Alla soglia dei settanta, John Hiatt (classe 1952) incide finalmente un disco con il collega Jerry Douglas (1954). Ad unirli, oltre che una solida amicizia, la comune provenienza degli esordi artistici: Nashville, TN. Ed è proprio in questa mecca della musica (oggi un pò sputtanata) che i due decidono di registrare il proprio album nel mitologico studio B della RCA, dove alla fine dei cinquanta fu forgiato il sound countrybilly per mano di gente come Elvis Presley, Dolly Parton, Roy Orbison, Everly Brothers e molti altri.
I due compari sono totalmente a loro agio in questo ambito, liberi di spaziare in tutte le sfumature della musica americana popolare.
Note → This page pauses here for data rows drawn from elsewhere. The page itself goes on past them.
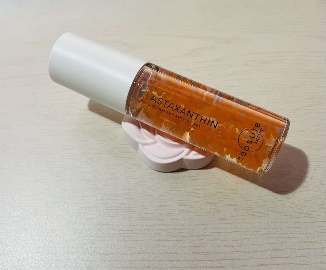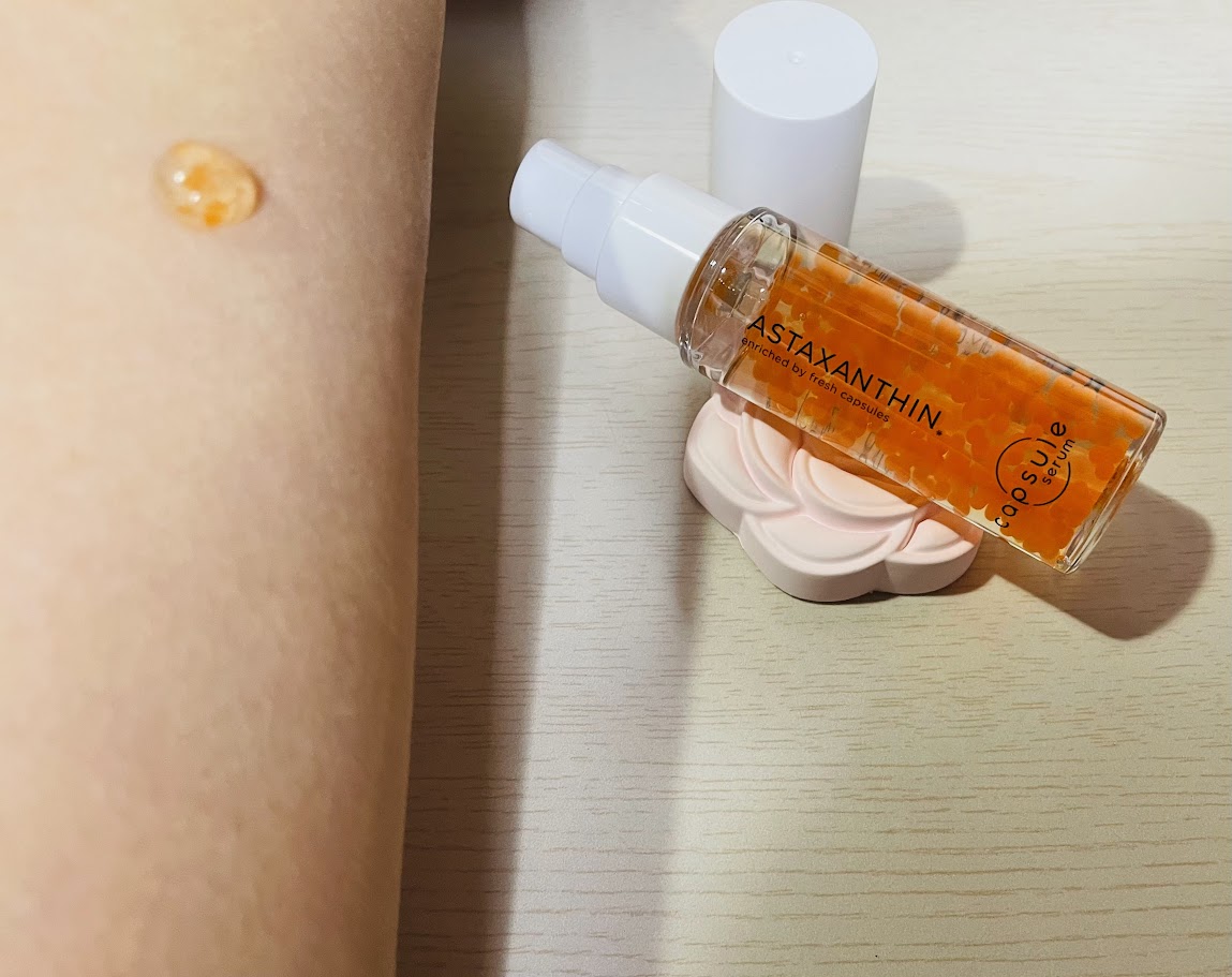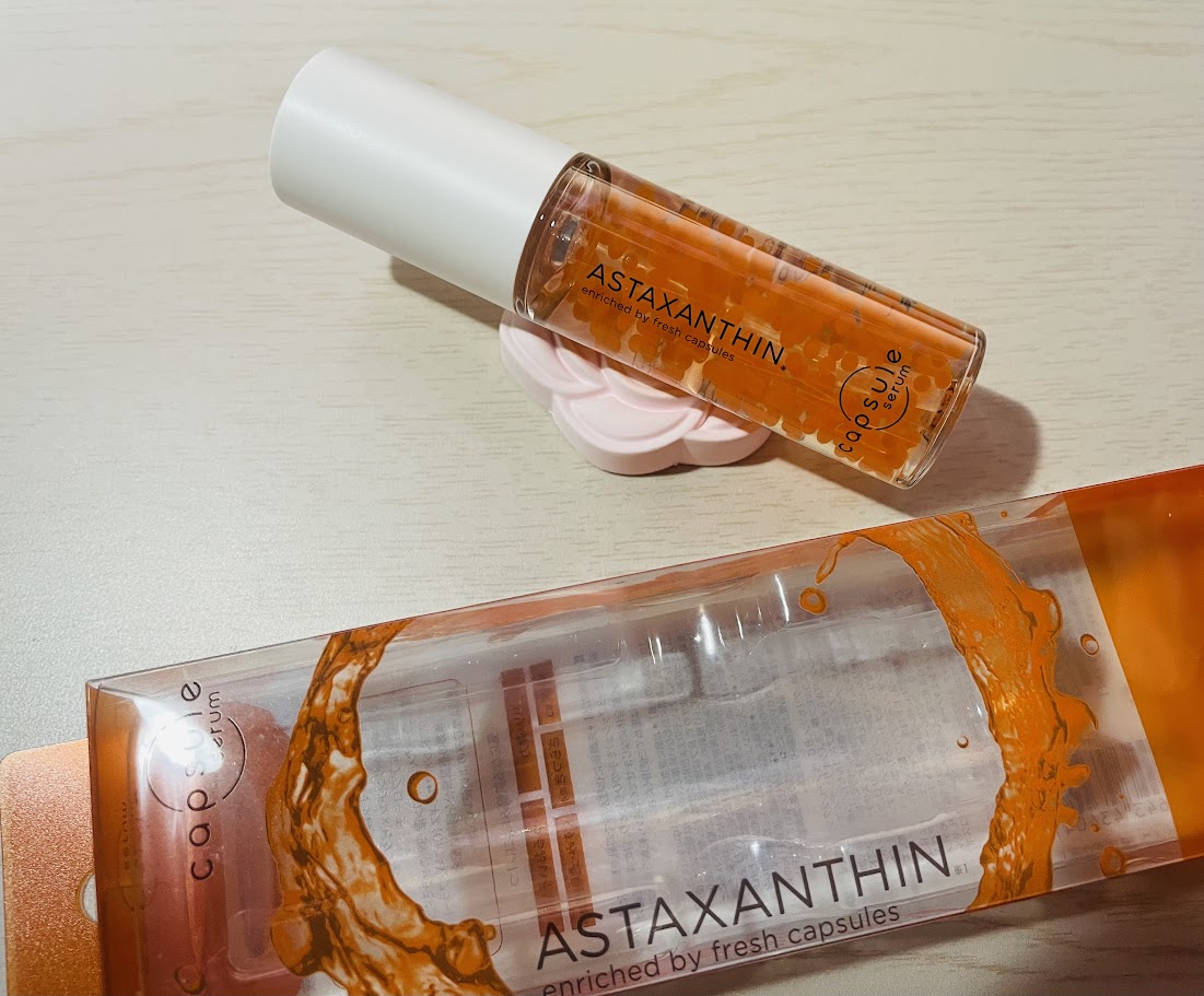 注目のエイジングケア成分アスタキサンチンを厳選配合 独自のカプセル製法によって成分が酸化しづらくなっていて出した時にカプセルが弾けて新鮮な美容成分を肌に届けることができるというセラム アスタキサンチンだけでなくビタミンC誘導体も配合されていてより相乗効果が期待できるよ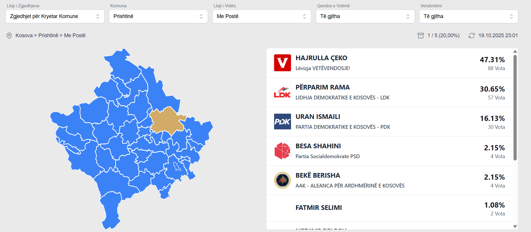 Nga 20 për qind e votave të numëruara, prin kandidati i Vetëvendosjes Hajrulla Çeku me 47.31 për qind ose 88 vota.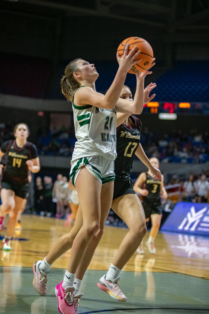 East did just that, breaking down Williamstown’s defense for a wide-open layup. Dribbling to the right of the key, Clark hit Alivia Monroe on a pick-and-pop allowing her to load and fire down to a cutting and open Baker for the decisive bucket with 14 seconds to play.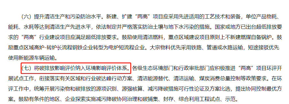 今年5月31日,我国生态环境部印发《关于加强高耗能、高排放建设项目生态环境源头防控的指导意见》,其中第7条明确指出:将碳排放影响评价纳入环境影响评价体系。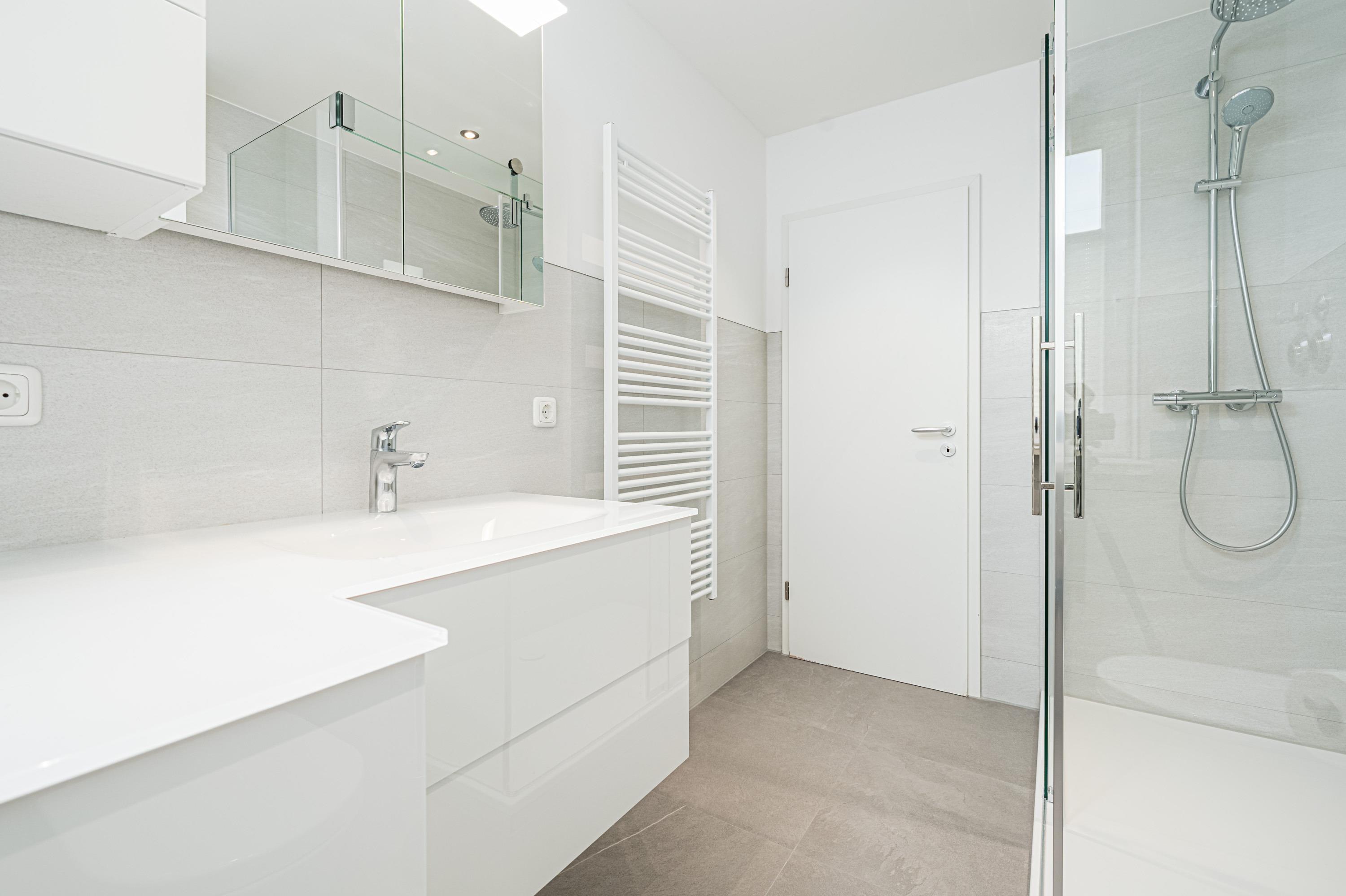 Im hellen Badezimmer können Sie sich bei einem Bad in der Badewanne entspannen. Des Weiteren verfügt der Waschraum über ein WC, Fön und einen Handtuchwärmer.

Long black electric cadillac, voce inconfondibile di Hiatt e lap steel guitar di Douglas, suona come i Blasters con la spina degli ampli staccata, ma senza che ciò comprometta un'oncia dell'energia rockabilly. La mitologica dobro guitar di Jerry debutta nella seconda traccia (Mississippi phone boot) per un blues che lascia intravedere neanche da troppo lontano la sagoma di Buddy Guy che fa ciao con la mano. Dopo due soli pezzi è già chiaro che l'album segue sì un mood, ma non un unico genere. E infatti dopo l'incantevole smooth blugrass di All the lilacs in Ohio arrivano I'm in Asheville e Light of the burning sun due folk classici (sempre impreziositi dai ricami di Douglas), il secondo dei quali potrebbe stare comodamente dentro The ghost of Tom Joad di Springsteen.
Hiatt, in termini commerciali ha avuto pochi alti e molti bassi. Qualitativamente, al contrario, pur non avendo io ascoltato tutti i suoi lavori, mi sembra di poter dire che non abbia mai completamente sbagliato uno dei suoi venticinque dischi, in quasi cinquant'anni di carriera. Questo Leftover feelings conferma la tradizione, piazzandosi probabilmente tra i migliori degli anni zero.